[Data entries]
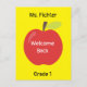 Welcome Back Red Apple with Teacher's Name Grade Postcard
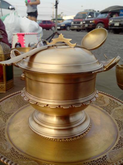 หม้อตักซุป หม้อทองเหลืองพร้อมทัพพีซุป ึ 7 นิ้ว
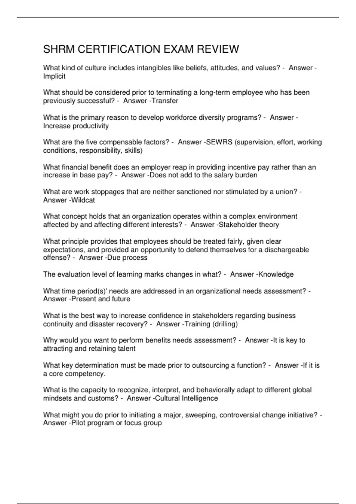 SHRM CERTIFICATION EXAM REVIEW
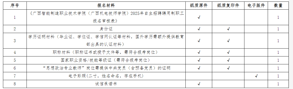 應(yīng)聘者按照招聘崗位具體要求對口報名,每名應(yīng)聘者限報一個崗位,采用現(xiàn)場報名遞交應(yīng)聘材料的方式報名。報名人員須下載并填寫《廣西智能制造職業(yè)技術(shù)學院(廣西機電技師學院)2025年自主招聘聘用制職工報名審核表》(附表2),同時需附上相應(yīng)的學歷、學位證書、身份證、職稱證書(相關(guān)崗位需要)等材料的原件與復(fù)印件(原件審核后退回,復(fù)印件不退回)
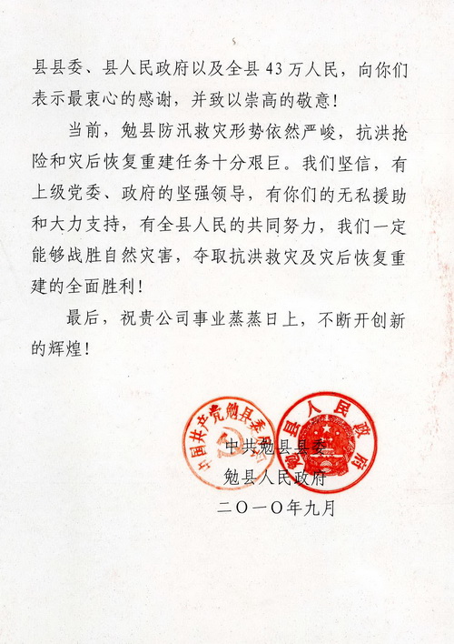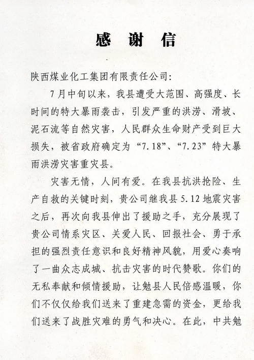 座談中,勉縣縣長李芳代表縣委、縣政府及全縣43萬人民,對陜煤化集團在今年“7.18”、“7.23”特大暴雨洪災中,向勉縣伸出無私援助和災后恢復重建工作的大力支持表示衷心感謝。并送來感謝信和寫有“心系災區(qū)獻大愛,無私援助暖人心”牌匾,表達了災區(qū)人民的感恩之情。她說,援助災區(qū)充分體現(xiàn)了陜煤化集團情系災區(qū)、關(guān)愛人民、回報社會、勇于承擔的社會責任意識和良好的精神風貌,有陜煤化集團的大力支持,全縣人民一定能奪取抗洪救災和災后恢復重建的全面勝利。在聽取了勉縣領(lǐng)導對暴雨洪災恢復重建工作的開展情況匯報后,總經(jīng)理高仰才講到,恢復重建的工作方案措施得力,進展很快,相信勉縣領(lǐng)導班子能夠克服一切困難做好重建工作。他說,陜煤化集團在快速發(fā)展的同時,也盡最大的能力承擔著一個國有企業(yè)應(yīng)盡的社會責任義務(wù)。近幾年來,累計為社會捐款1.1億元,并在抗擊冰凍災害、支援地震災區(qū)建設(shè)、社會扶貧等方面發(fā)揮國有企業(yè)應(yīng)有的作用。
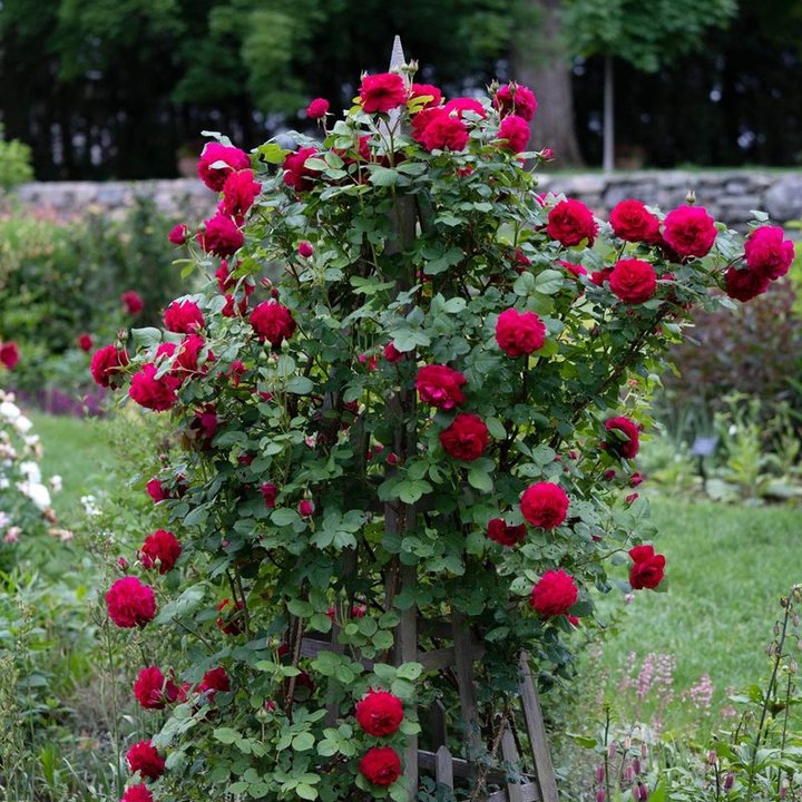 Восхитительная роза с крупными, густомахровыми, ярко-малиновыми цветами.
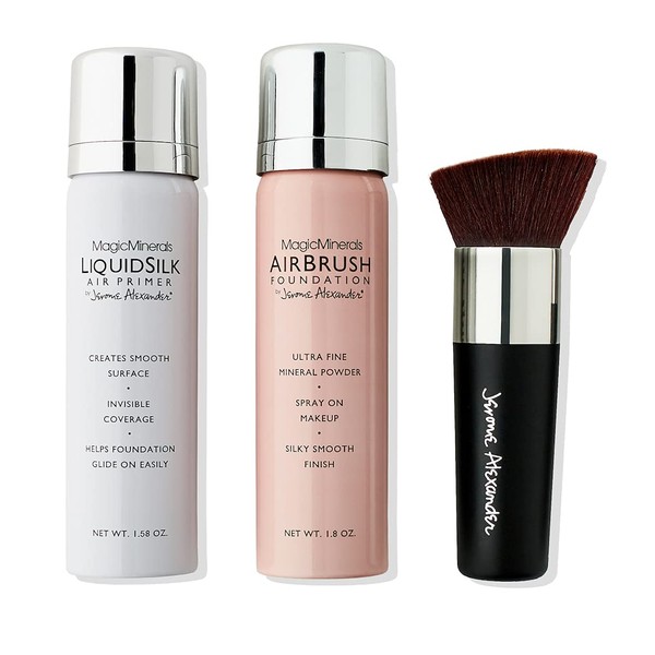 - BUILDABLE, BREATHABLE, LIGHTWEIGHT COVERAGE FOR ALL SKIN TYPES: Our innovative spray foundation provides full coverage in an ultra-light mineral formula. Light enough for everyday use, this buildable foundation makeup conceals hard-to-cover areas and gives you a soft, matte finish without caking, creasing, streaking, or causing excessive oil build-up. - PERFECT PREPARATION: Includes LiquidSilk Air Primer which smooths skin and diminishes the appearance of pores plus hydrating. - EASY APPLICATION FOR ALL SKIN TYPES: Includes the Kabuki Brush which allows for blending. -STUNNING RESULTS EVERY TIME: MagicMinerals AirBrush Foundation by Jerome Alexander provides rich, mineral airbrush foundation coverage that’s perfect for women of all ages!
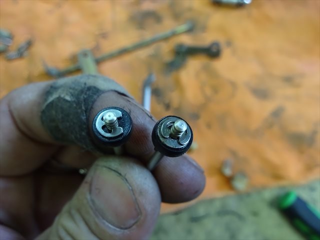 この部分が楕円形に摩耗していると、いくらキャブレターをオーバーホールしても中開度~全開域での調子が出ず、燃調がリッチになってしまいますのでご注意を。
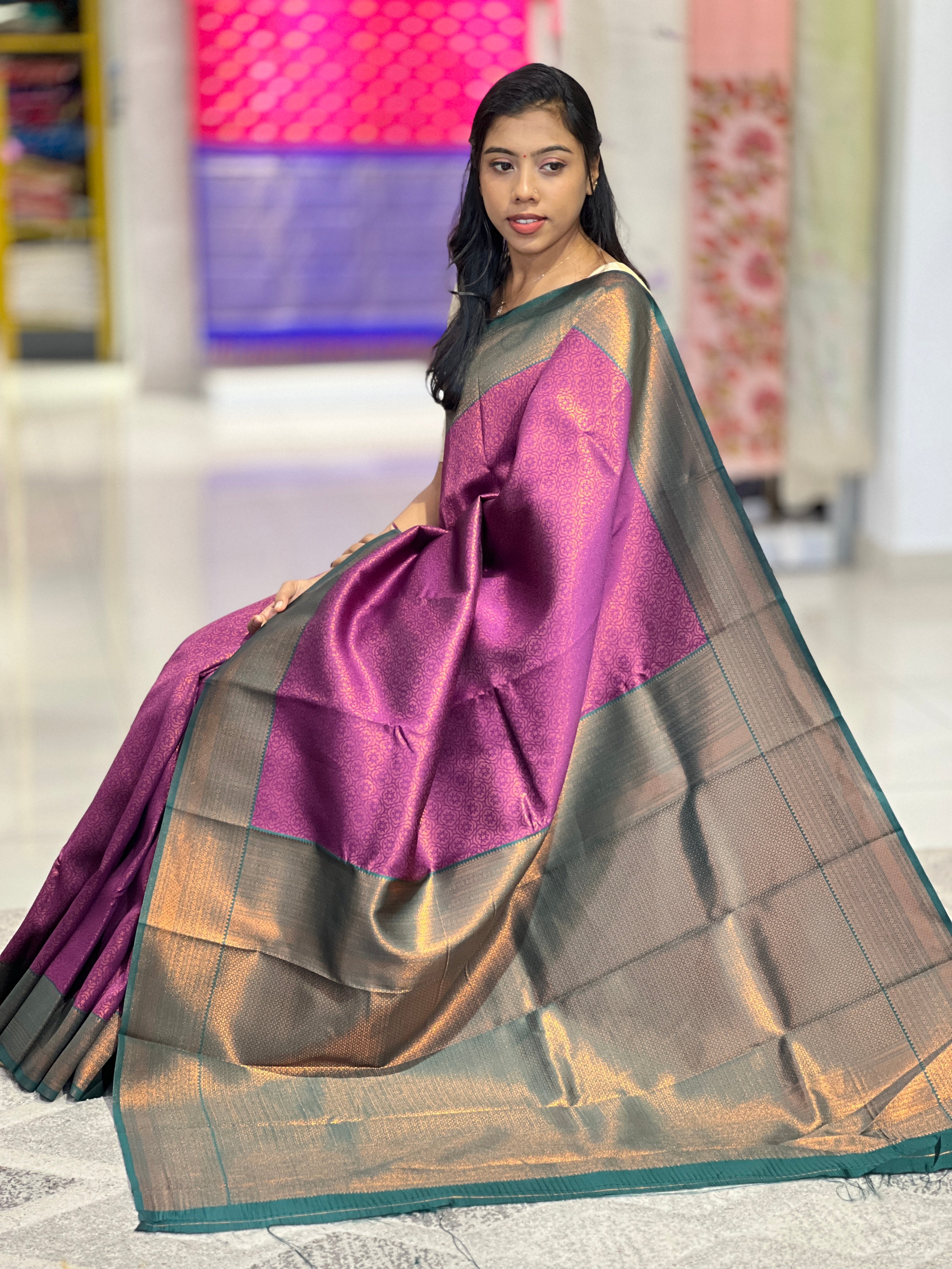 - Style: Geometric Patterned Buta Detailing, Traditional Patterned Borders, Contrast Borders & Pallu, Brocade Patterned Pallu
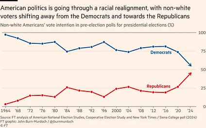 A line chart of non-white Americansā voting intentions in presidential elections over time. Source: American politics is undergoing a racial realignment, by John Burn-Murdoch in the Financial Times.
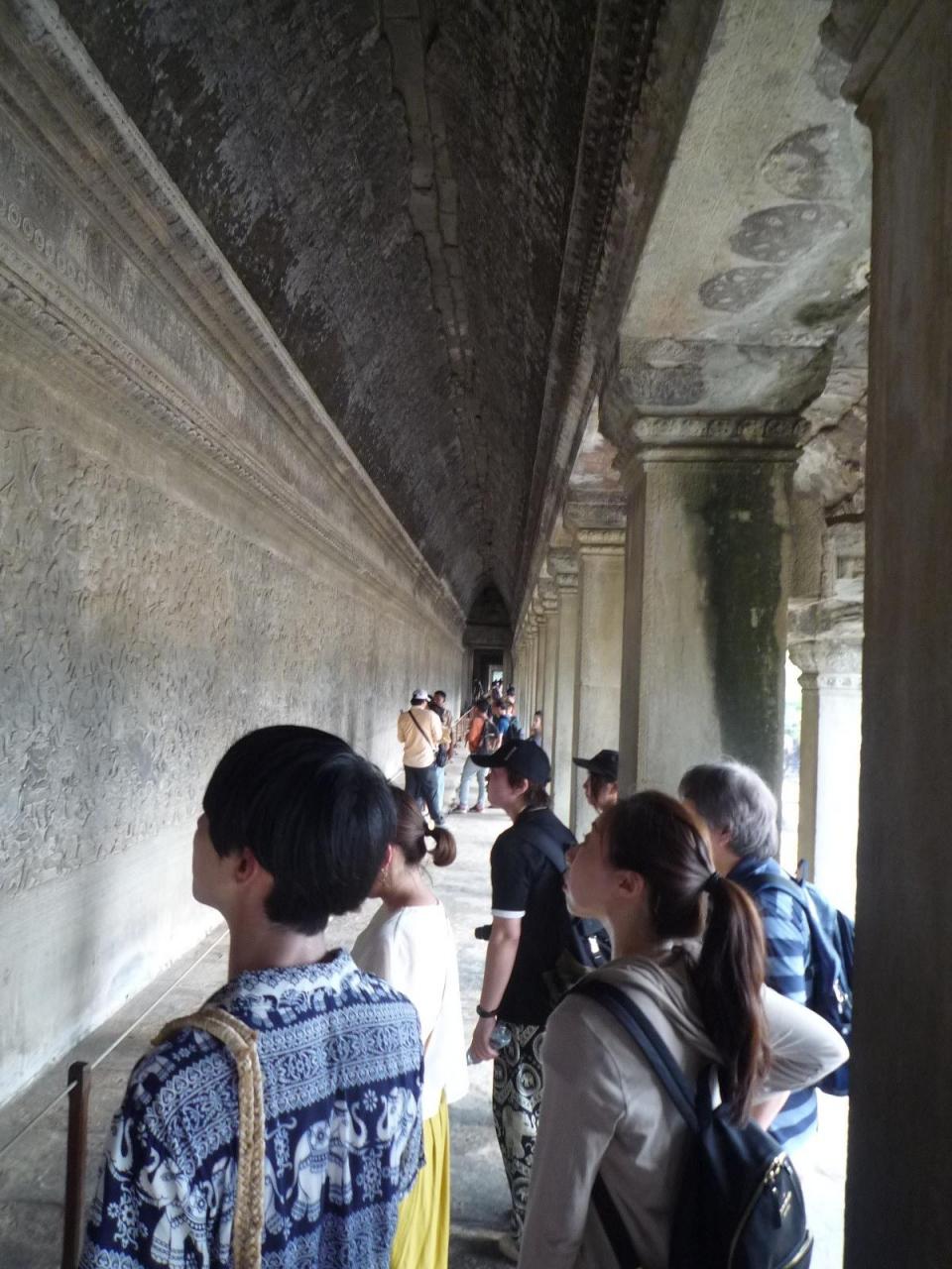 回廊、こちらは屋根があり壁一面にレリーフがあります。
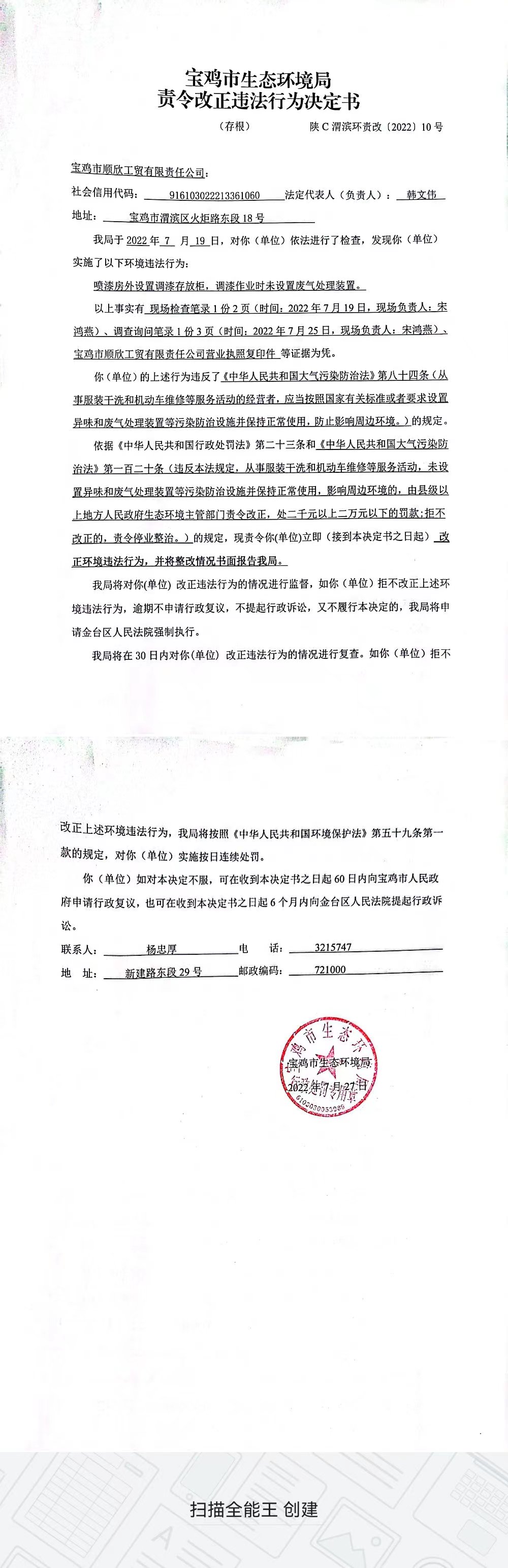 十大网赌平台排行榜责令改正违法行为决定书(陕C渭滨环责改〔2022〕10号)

### WHAT YOU HAVE TO DO
Would you reproduce the lines above, from the very first through the line containing "Восхитительная роза с", exactly and without the pictures?

### SOLUTION FOR THIS PROBLEM
 Welcome Back Red Apple with Teacher's Name Grade Postcard
 หม้อตักซุป หม้อทองเหลืองพร้อมทัพพีซุป ึ 7 นิ้ว
 SHRM CERTIFICATION EXAM REVIEW
 應(yīng)聘者按照招聘崗位具體要求對口報名,每名應(yīng)聘者限報一個崗位,采用現(xiàn)場報名遞交應(yīng)聘材料的方式報名。報名人員須下載并填寫《廣西智能制造職業(yè)技術(shù)學院(廣西機電技師學院)2025年自主招聘聘用制職工報名審核表》(附表2),同時需附上相應(yīng)的學歷、學位證書、身份證、職稱證書(相關(guān)崗位需要)等材料的原件與復(fù)印件(原件審核后退回,復(fù)印件不退回)
 座談中,勉縣縣長李芳代表縣委、縣政府及全縣43萬人民,對陜煤化集團在今年“7.18”、“7.23”特大暴雨洪災中,向勉縣伸出無私援助和災后恢復重建工作的大力支持表示衷心感謝。并送來感謝信和寫有“心系災區(qū)獻大愛,無私援助暖人心”牌匾,表達了災區(qū)人民的感恩之情。她說,援助災區(qū)充分體現(xiàn)了陜煤化集團情系災區(qū)、關(guān)愛人民、回報社會、勇于承擔的社會責任意識和良好的精神風貌,有陜煤化集團的大力支持,全縣人民一定能奪取抗洪救災和災后恢復重建的全面勝利。在聽取了勉縣領(lǐng)導對暴雨洪災恢復重建工作的開展情況匯報后,總經(jīng)理高仰才講到,恢復重建的工作方案措施得力,進展很快,相信勉縣領(lǐng)導班子能夠克服一切困難做好重建工作。他說,陜煤化集團在快速發(fā)展的同時,也盡最大的能力承擔著一個國有企業(yè)應(yīng)盡的社會責任義務(wù)。近幾年來,累計為社會捐款1.1億元,并在抗擊冰凍災害、支援地震災區(qū)建設(shè)、社會扶貧等方面發(fā)揮國有企業(yè)應(yīng)有的作用。
 Восхитительная роза с крупными, густомахровыми, ярко-малиновыми цветами.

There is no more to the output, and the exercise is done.